US Treasury Secretary Steven Mnuchin said on Wednesday that he and other US officials would travel to Beijing to continue trade talks, eyeing a deal before the March 2 deadline. China is the biggest trading partner of the region. With easing trade frictions, a dovish Fed and prospects of increased infrastructure spending, foreign investors are now returning to Southeast Asian markets, propelling these markets to record an upward trend for the most part. So far this year, foreign investors have been net buyers of stocks in markets such as Indonesia, the Philippines, Thailand and Vietnam.
The SET index eased 5.60 points or 0.34% to 1,653.11, in turnover of 50 billion baht. The index was dragged by consumer and health care stocks. Shares of Bangkok Dusit Medical Services Plc lost 30 satang or 1.27% to 23.30 baht and Siam Makro Plc dropped 1.25 baht or 3.29% to 36.75 baht.
The Malaysian benchmark rose 0.6%, leading gains in the region after thin trading in the region this week due to a two-day closure on account of the Chinese New Year. Utilities and consumer cyclicals boosted the Malaysian benchmark index, with Tenaga Nasional Bhd and Maxis Bhd climbing 3.7% and 2.5%, respectively.
The Singapore index gained 0.5% to its highest level since Jan 25, helped by telecom and industrial stocks. "Singapore equities has some catching up to do as the US markets have done well over the last two trading sessions. At the same time, traders are also placing bets ahead of the budget on February 18, 2019," said Liu Jinshu, head of research at Tayrona Financial Pte Ltd. Shares of Singapore Telecommunications Ltd gained 1% while those of Jardine Matheson Holdings Ltd firmed 1.3%.
The Philippine stock index climbed 0.5%, with gains concentrated in industrial stocks. SM Investments Corp and JG Summit Holdings Inc gained over 2% each. The Philippine central bank kept its benchmark interest rate steady for a second straight meeting on Thursday, saying inflation risk had fallen on lower crude oil and food prices. Indonesian stocks also ended the session slightly lower, hurt by consumer and financial stocks. Charoen Pokphand Indonesia Tbk PT slipped 2.8%, while Bank Central Asia Tbk PT slid 0.5%.
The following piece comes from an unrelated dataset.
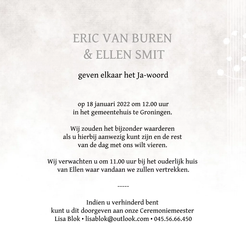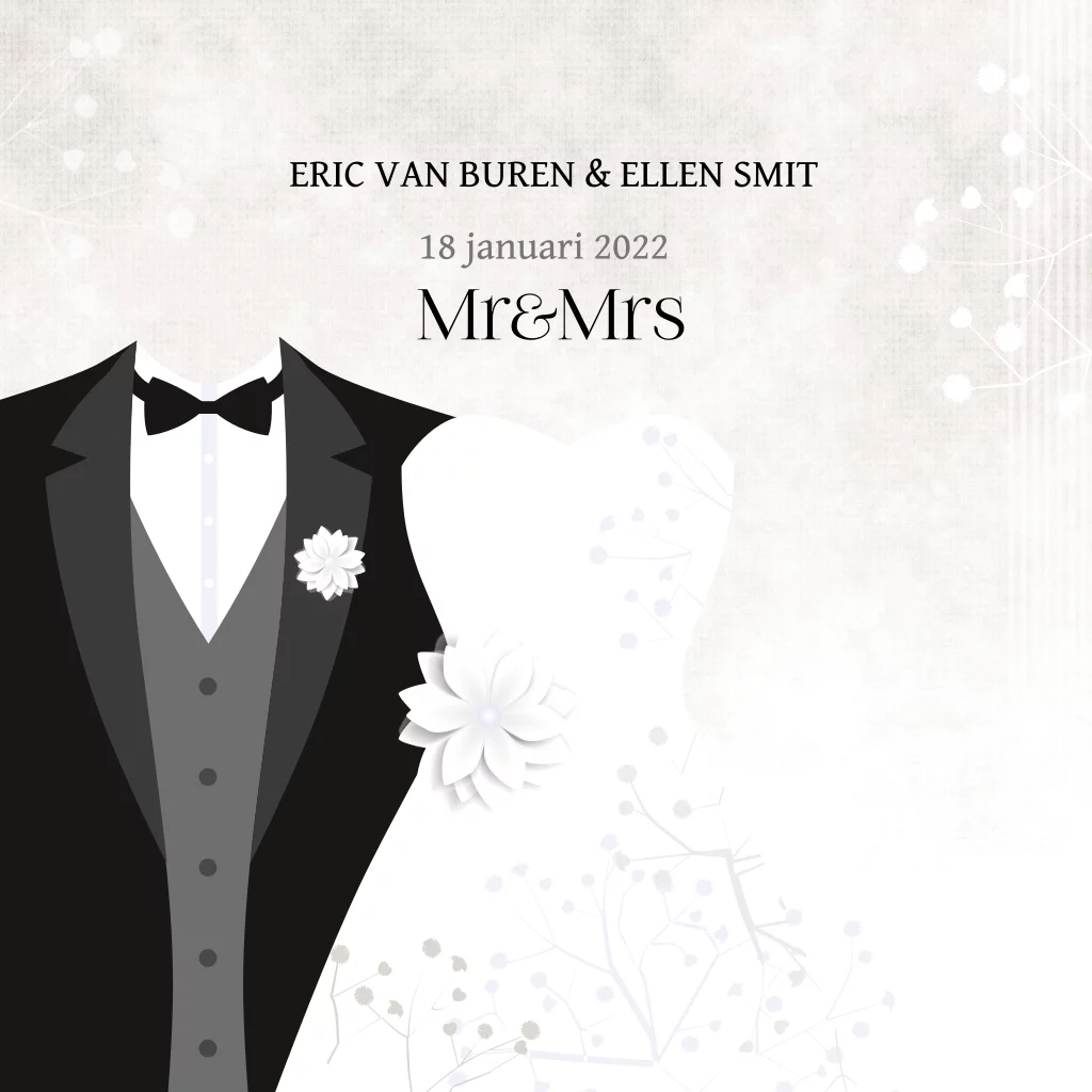 Heb jij al een trouwjurk gekozen? En is het pak al binnen? Dit klassieke kaartje is gepimpt met een outfit voor hem en voor haar. De gemêleerde achtergrond heeft een rustige kleur en is versiert met subtiele lijnen en stippen. Aan de binnenkant is ruimte voor jullie eigen tekst. Voor Mr and Mrs ...?!

Vietnam financial markets remained closed for Chinese New Year holidays.
"SET rises on strong oil prices, other Asean stock markets drop"
BANGKOK, February 4 -- Thai stocks bucked the regional trend rising marginally, while other Southeast Asian markets ended lower in lacklustre trading on Monday, with Philippine and Indonesia indexes falling the most.
The Stock Exchange of Thailand index added 2.22 points or 0.13% to 1,653,62, in trade of 31.74 billion baht. The market was supported by strong oil prices. PTT Exploration and Production Plc gained 1.50 baht or 1.2% to 125.50 baht, while IRPC Plc gained 10 satang or 1.7% to 5.90 baht. The Philippine index was the biggest loser in the region falling nearly 1%, with markets in Malaysia and Singapore closing early on account of Chinese New Year.
"What we're seeing is traders taking potential risks off the board because the quality of the markets will be lower than normal with the Chinese New Year," said Jeffrey Halley, a senior market analyst at OANDA based in Singapore. "People like portfolio managers are really going to lighten up risks due to everybody else being away because without all of those major players around the liquidity will be lot lower in markets."
Industrial and financial stocks dominated the losses in the Philippines, with SM Investments Corp and SM Prime Holdings Inc falling 1.8% each. "The volume seems to be minimal so I think the market is just correcting since it rallied in the past two trading days," said Miguel Ong, a research analyst at AP Securities in Manila. Philippines has had the strongest beginning to 2019 in Southeast Asia, having gained 8.08% so far.
Indonesian stocks dropped 0.9% snapping three sessions of gains, hurt by financials and consumer discretionaries. Bank Central Asia Tbk PT dipped 2.4%, while Astra International Tbk PT sank 3%.
Malaysian stocks erased early gains to close the session unchanged, while Singapore stocks ended the session slightly lower.
Vietnam markets were closed for a holiday.